-- MATERIALS PROVIDED follows --
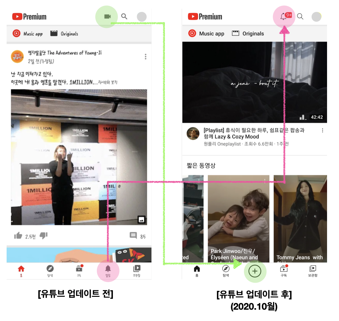 ํ๋ก๋ํธ์ UXUI๋ ๋จ์ง ์ฌ์ฉ์ฑ์ด๋ ๋น์ฃผ์ผ์ ์ธ ๋์์ธ์ ์ํ ๊ฒ์ด ์๋๋ผ, ๋น์ฆ๋์ค์ ์ ๋ต๊ณผ ๋ฐฉํฅ์ฑ์ด ๊ทธ ๋ณธ์ง์ ์๋ค๊ณ ๋ฐฐ์ ๋ค. ์ ํ๋ธ์ UXUI์ ๊ทธ๋์ ๋ง์ ๋ณํ๊ฐ ์์ด์๊ฒ ์ง๋ง, ์ด๋ฒ ์ ๋ฐ์ดํธ์์ ๋ค๋น๊ฒ์ด์ ๋ฐ ๋ณ๊ฒฝ์ ์ ๋ฉด์ ๋ณด์ฌ์ง๋ ๊ฝค ํฐ ๋ณํ๋ผ๊ณ ์๊ฐํ๋ค. ์ฌ์ฉ์๊ฐ ๋ฉ์ธ ๋ทฐ์์ ๋ฐ๋ก ์ฒด๊ฐํ ์ ๋์ ์ด๋ฐ ๋ณํ๋, ๋ด๋ถ์ ์ผ๋ก๋ ์ ํ๋ธ์ ๋ฐฉํฅ์ฑ์ ์๋ก์ด ๋ณํ๊ฐ ์ผ๊ณ ์๋ค๋ ์ ํธ๋ผ๊ณ ์ฌ๊ฒจ์ก๋ค. '+' ์์ด์ฝ์ผ๋ก ํํ๋๋ 'create' ๊ธฐ๋ฅ์ ์ค์ฌ์ผ๋ก, ์ ํ๋ธ๋ฅผ ๋๋ฌ์ผ ์ด์๋ค์ ํ์ ํด๋ณด๊ณ ์ ํ๋ค.
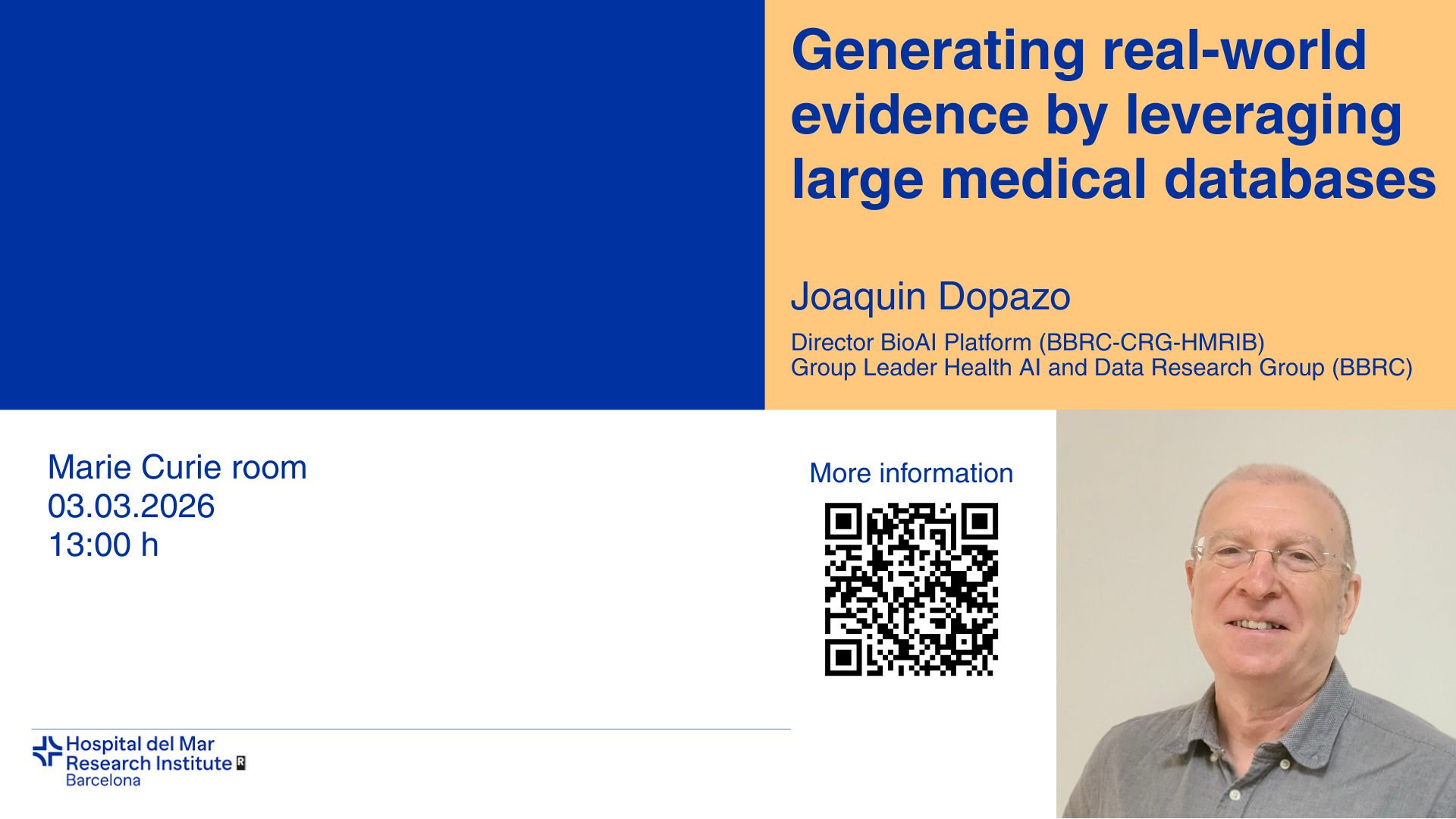 Us convidem al pròxim seminari que tindrà lloc el dimarts 03/03/2026 a les 13:00h a la Sala Marie Curie. El seminari anirà a càrrec de Joaquin Dopazo, Director de la Plataforma BioAI (BBRC-CRG-HMRIB), Cap del Grup de Recerca en IA i Dades en Salut (BBRC). Porta per títol "Generating real-world evidence by leveraging large medical databases".
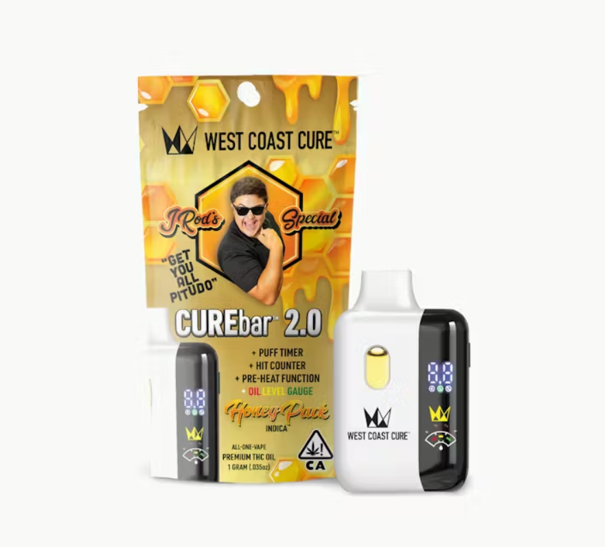 he JRod Special Honey Pack CUREbar 2.0 is as smooth as it sounds. This Indica All-In-One vape blends sweet honey flavor with that signature WCC gas for a heavy high that's perfect for kicking back after a long day or keeping you going throughout the night (IYKYK). Approved by JRod and crafted by WCC, this honey pack will get you all pitudo.
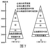 图7为“甲、乙两山地同纬度的山地垂直带谱示意图”。读图回答13~14题。
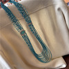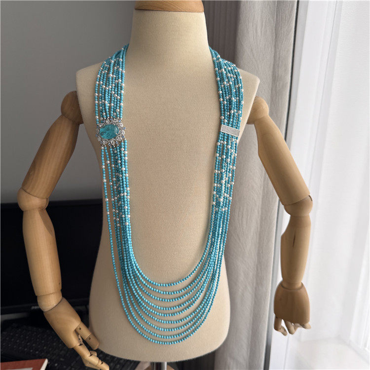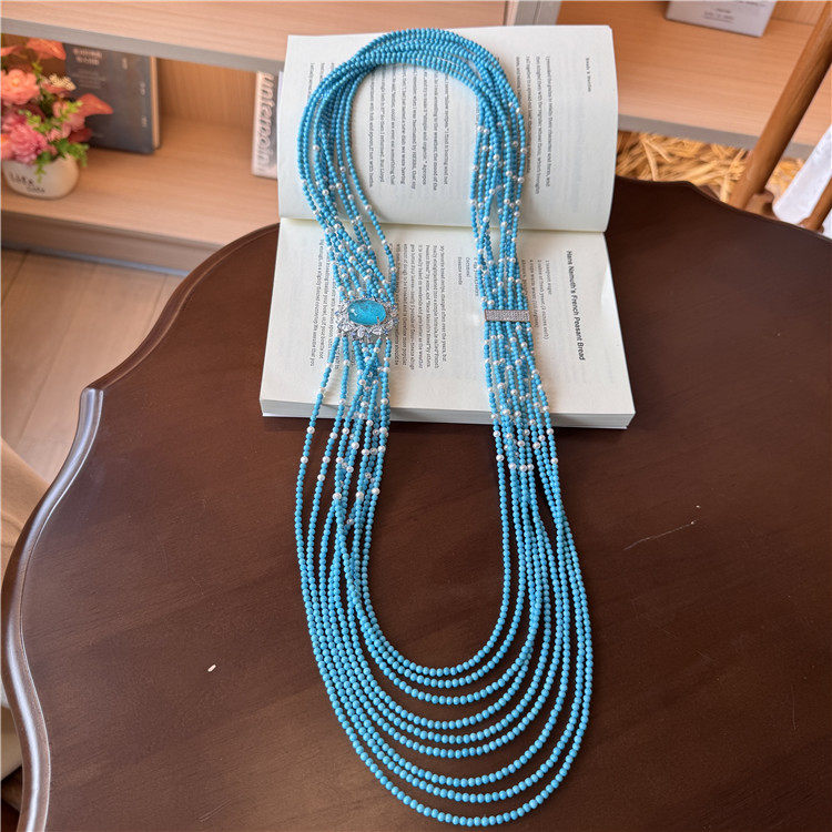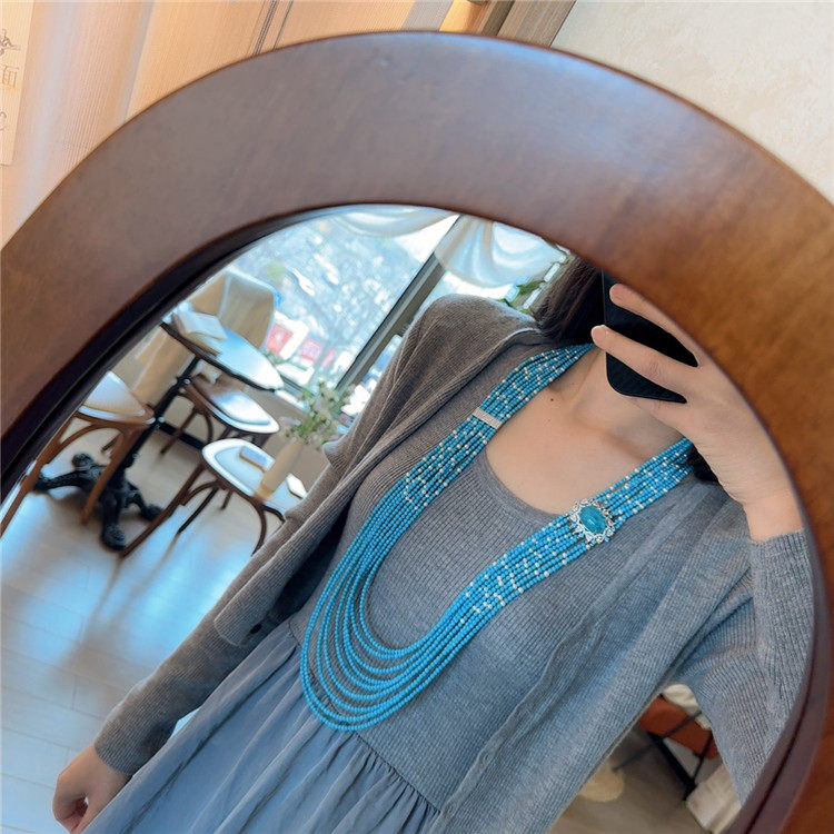 蓝色系多层串珠项链女小众设计高级感多层长款珍珠毛衣链复古首饰
-- MATERIALS PROVIDED concluded --
WHAT THE TASK REQUIRES: You are asked to reproduce each line above exactly, but to exclude the pictures.

RESULT FOR THIS TASK:
 ํ๋ก๋ํธ์ UXUI๋ ๋จ์ง ์ฌ์ฉ์ฑ์ด๋ ๋น์ฃผ์ผ์ ์ธ ๋์์ธ์ ์ํ ๊ฒ์ด ์๋๋ผ, ๋น์ฆ๋์ค์ ์ ๋ต๊ณผ ๋ฐฉํฅ์ฑ์ด ๊ทธ ๋ณธ์ง์ ์๋ค๊ณ ๋ฐฐ์ ๋ค. ์ ํ๋ธ์ UXUI์ ๊ทธ๋์ ๋ง์ ๋ณํ๊ฐ ์์ด์๊ฒ ์ง๋ง, ์ด๋ฒ ์ ๋ฐ์ดํธ์์ ๋ค๋น๊ฒ์ด์ ๋ฐ ๋ณ๊ฒฝ์ ์ ๋ฉด์ ๋ณด์ฌ์ง๋ ๊ฝค ํฐ ๋ณํ๋ผ๊ณ ์๊ฐํ๋ค. ์ฌ์ฉ์๊ฐ ๋ฉ์ธ ๋ทฐ์์ ๋ฐ๋ก ์ฒด๊ฐํ ์ ๋์ ์ด๋ฐ ๋ณํ๋, ๋ด๋ถ์ ์ผ๋ก๋ ์ ํ๋ธ์ ๋ฐฉํฅ์ฑ์ ์๋ก์ด ๋ณํ๊ฐ ์ผ๊ณ ์๋ค๋ ์ ํธ๋ผ๊ณ ์ฌ๊ฒจ์ก๋ค. '+' ์์ด์ฝ์ผ๋ก ํํ๋๋ 'create' ๊ธฐ๋ฅ์ ์ค์ฌ์ผ๋ก, ์ ํ๋ธ๋ฅผ ๋๋ฌ์ผ ์ด์๋ค์ ํ์ ํด๋ณด๊ณ ์ ํ๋ค.
 Us convidem al pròxim seminari que tindrà lloc el dimarts 03/03/2026 a les 13:00h a la Sala Marie Curie. El seminari anirà a càrrec de Joaquin Dopazo, Director de la Plataforma BioAI (BBRC-CRG-HMRIB), Cap del Grup de Recerca en IA i Dades en Salut (BBRC). Porta per títol "Generating real-world evidence by leveraging large medical databases".
 he JRod Special Honey Pack CUREbar 2.0 is as smooth as it sounds. This Indica All-In-One vape blends sweet honey flavor with that signature WCC gas for a heavy high that's perfect for kicking back after a long day or keeping you going throughout the night (IYKYK). Approved by JRod and crafted by WCC, this honey pack will get you all pitudo.
 图7为“甲、乙两山地同纬度的山地垂直带谱示意图”。读图回答13~14题。
 蓝色系多层串珠项链女小众设计高级感多层长款珍珠毛衣链复古首饰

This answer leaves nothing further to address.